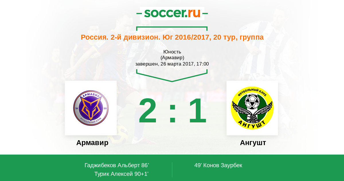 Армавир - Ангушт: обзор матча 26 марта 2017
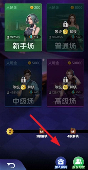 右下角设有两个功能选项,其一为加入房间,其二是好友约战,您可根据需求选择合适的一项。
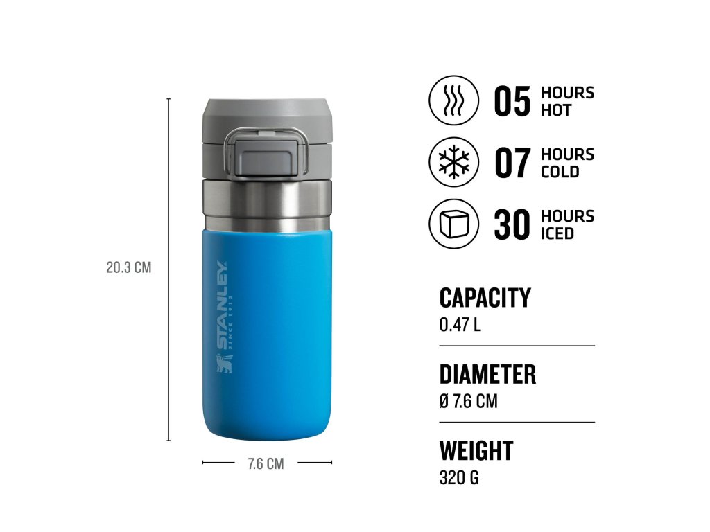 QUICK FLIP vakuová termoláhev 470 ml, azure modrá od značky STANLEY je ideální na sport, výlety, do auta. Láhev má kovové poutko pro nošení nebo zavěšení.
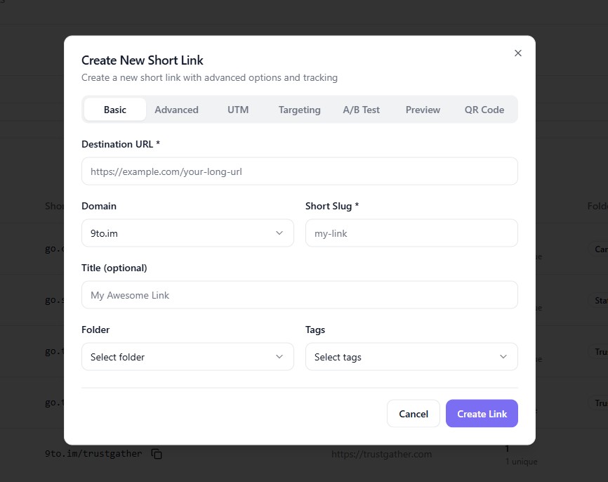 ⚙️ Step 2: Enter Basic Link Details
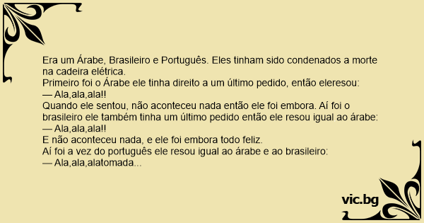 Quando ele sentou, não aconteceu nada então ele foi embora. Aí foi o brasileiro ele também tinha um último pedido então ele resou igual ao árabe:
···
Print each line above exactly as it appears, excluding all images.

Output:
 Армавир - Ангушт: обзор матча 26 марта 2017
 右下角设有两个功能选项,其一为加入房间,其二是好友约战,您可根据需求选择合适的一项。
 QUICK FLIP vakuová termoláhev 470 ml, azure modrá od značky STANLEY je ideální na sport, výlety, do auta. Láhev má kovové poutko pro nošení nebo zavěšení.
 ⚙️ Step 2: Enter Basic Link Details
 Quando ele sentou, não aconteceu nada então ele foi embora. Aí foi o brasileiro ele também tinha um último pedido então ele resou igual ao árabe:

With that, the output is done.